2006-12-06 18:07:15

by Magnus Naeslund

[permalink] [raw]
Subject: 2.6 tmpfs/swap performance oddity

I have this Ubuntu Edgy (HP Proliant DL380 intel x86-64 w/ 4 cores), kernel: 2.6.17-10-server) system with a raid controller (p600 + bbu, cciss) and 8gb memory. The raid disks are setup as one raid1+0 logical device, the swap and filesystem are partitions on this device.
I've created a ext3 file system with standard parameters from the ubuntu installer.

When doing a simple test with this ext3 fs I can write (dd bs=1M if=/dev/zero of=file (20gb file)) about 180-200 mb/s. If I read the same file I get about 280mb/s throughput.

We have a 60gb tmpfs that we're going to use for volatile but large data-sets.
We were thinking that using tmpfs this way it would be faster to just let it swap out stuff that aren't frequently used, and that the current working set is swaps in automagically.

But tmpfs seems to get really slow when it has to swap out stuff from tmp to a 80 gb swap partition, much slower than just writing a file to the ext3 fs. Maybe this is a known thing, and easily tuned, but I've not seen any solutions when googling around.

If i dd a file that fits in memory to the tmpfs mount I get around 1.5gb/s, ~8 times faster than the RAID card write performance. This isn't bad but not anywhere near the "cached" speed that I get from hdparm -T: ~6720mb/s, I don't know if they're even related, also I get two of these "HDIO_DRIVE_CMD(null) (wait for flush complete) failed: Inappropriate ioctl for device" when issuing the hdparm command (since it's a raid disk?).

If the file size is > the physical memory (20gb, same test) I get a radically worsened total performance, on the write test it gets a throughput of 124mb/s. One would hope that it was faster than the ext3 test. One could guess that after the first 8gb it no longer fits into memory and the throughput gets many times slower.
And all hell breaks loose when I try to dd that tmpfs file to /dev/null (bs=1M), it can only read at about ~20mb/s.

What is happening here? Check out the vmstat 1:
r b swpd free buff cache si so bi bo in cs us sy id wa
1 1 14757524 45036 924 6439068 27168 25160 27168 25160 2449 1725 0 2 75 23
0 1 14739836 47484 924 6457600 18976 25004 18976 25004 1769 1207 0 1 75 24

It seems to do IO madly to be able to page in the pages of the file.
One would hope to have faster or equal performance compared to the ext3 test.

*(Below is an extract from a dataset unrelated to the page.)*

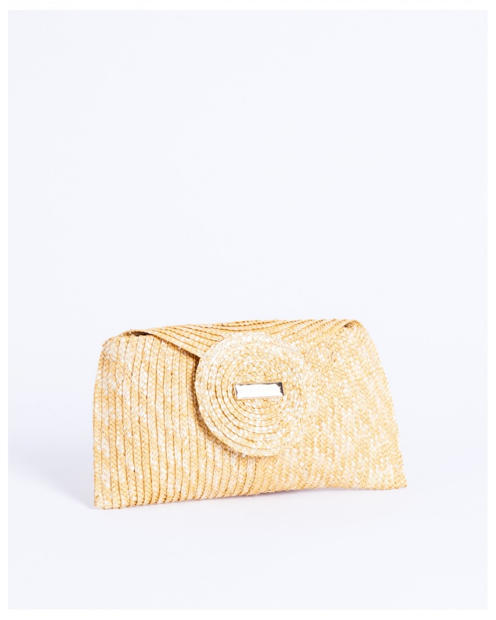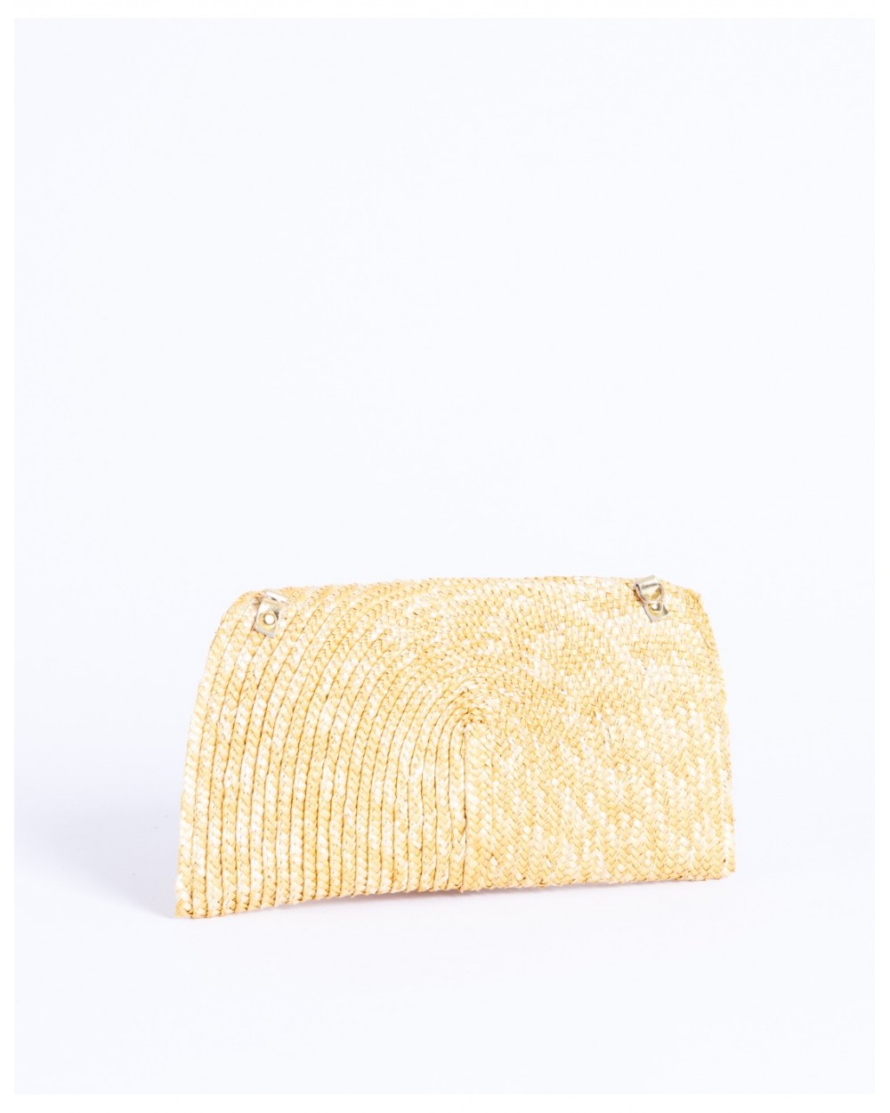 Cartera de mano, cierra con solapa con imàn. Asa con cadena dorada extraìble.

Somehow I think I'm missing something here, maybe we're not supposed to use tmpfs in this way at all?
What more information can I supply to narrow down the problem?
Is there any secret knobs that I can use to tune swap performance?

Regards,
Magnus




2006-12-06 20:51:08

by Phillip Susi

[permalink] [raw]
Subject: Re: 2.6 tmpfs/swap performance oddity

Magnus Naeslund(k) wrote:
> But tmpfs seems to get really slow when it has to swap out stuff from
> tmp to a 80 gb swap partition, much slower than just writing a file
> to the ext3 fs. Maybe this is a known thing, and easily tuned, but
> I've not seen any solutions when googling around.

This is a SWAG ( Silly Wild Ass Guess ), but maybe tmpfs isn't mapping
the files sequentially in ram, or is otherwise doing something to
prevent proper swap clustering and read ahead?

> Somehow I think I'm missing something here, maybe we're not supposed
> to use tmpfs in this way at all? What more information can I supply
> to narrow down the problem? Is there any secret knobs that I can use
> to tune swap performance?

You aren't supposed to be using tmpfs in this way at all ;)

tmpfs is meant to hold small files that will only exist for a short
time, or do not need to persist after a reboot. Keep your big data
files on a normal filesystem, and let the kernel worry about caching the
most frequently accessed parts.

2006-12-08 04:10:31

by Chuck Ebbert

[permalink] [raw]
Subject: Re: 2.6 tmpfs/swap performance oddity

In-Reply-To: <[email protected]>

On Wed, 06 Dec 2006 19:07:07 +0100, Magnus Naeslund wrote:

> Is there any secret knobs that I can use to
> tune swap performance?

You might try changing /proc/sys/vm/page-cluster to 5.

--
Chuck
"Even supernovas have their duller moments."